# Feedback wanted: Ksport BBK's



## GunKata (Apr 4, 2006)

Anyone have experience with these? are they as good as they sound for the money, or is going with Stoptech , R32 bolt-ons, or an ECS kit a better idea? 

Thanks for any info! :thumbup:


----------



## ROH ECHT (Dec 9, 2010)

*ECS: More than enough*

Ecs stage 3 is more than enough brake and bang for your $. I added matching drilled/slotted rear rotors, braided lines, and hawk hps pads. All for about 2k. Here's pic's of my set-up. Sorry bout no info on the ksport. I try to get more out of my $.


----------



## GunKata (Apr 4, 2006)

thanks for posting - so you are definitely liking them then? and that's the stock rears, right? The Ksport 4 or 6 pistons are actually not that expensive, but def wanted to try and get some feedback. I may do the ECS, but ive heard some complaints about them, but nothing specific?!? they are basically what, old 911 or boxster calipers?


----------



## ROH ECHT (Dec 9, 2010)

GunKata said:


> they are basically what, old 911 or boxster calipers?

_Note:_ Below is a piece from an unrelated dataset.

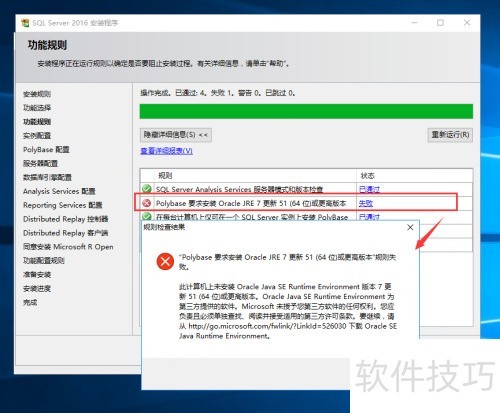 1、 安装SQL Server 2016时,常遇到功能规则检测失败的问题,系统提示PolyBase要求安装Oracle JRE 7 Update 51(64位)或更高版本。该问题主要源于计算机未安装符合要求的JRE 7运行环境。尽管提示说明支持更高版本,但实际测试表明,仅安装高于JRE 7的版本无法满足PolyBase的运行条件。为确保安装顺利进行,建议用户优先下载并安装64位的Oracle JRE 7 Update 51或其后续更新版本,以完全匹配SQL Server 2016的组件需求,避免因环境不兼容导致安装中断或功能异常。

 Yeah, no prob. Ecs lists them as porsche 993TT- which is from the `93 to`98-911TT(Turbo). The two piece rotor is noticeably lighter than the smaller oem's. No complaints for sure on the set-up as it is! w/Stock rear calipers. You can get red caliper R32 size front & rear calipers from Awesome UK[link below]. They're off a SEAT leon cupra R but still the same, only red. If I need a rear caliper in the future, I'm doing it. Not that what I got isn't working. They just look so small now. BY THE WAY: ECS STAGE 3 BRAKE KIT IS ON SALE NOW for $1526. 
www.awesome-gti.co.uk/


----------



## GunKata (Apr 4, 2006)

ROH ECHT said:


> Yeah, no prob. Ecs lists them as porsche 993TT- which is from the `93 to`98-911TT(Turbo). The two piece rotor is noticeably lighter than the smaller oem's. No complaints for sure on the set-up as it is! w/Stock rear calipers. You can get red caliper R32 size front & rear calipers from Awesome UK[link below]. They're off a SEAT leon cupra R but still the same, only red. If I need a rear caliper in the future, I'm doing it. Not that what I got isn't working. They just look so small now. BY THE WAY: ECS STAGE 3 BRAKE KIT IS ON SALE NOW for $1526.
> www.awesome-gti.co.uk/


very nice - have you tracked with them?


----------



## ROH ECHT (Dec 9, 2010)

No, just handing out the occasional spanking on the curvy back roads and, well, not getting caught by...you know.


----------



## GunKata (Apr 4, 2006)

haha, cool! thanks :thumbup:


----------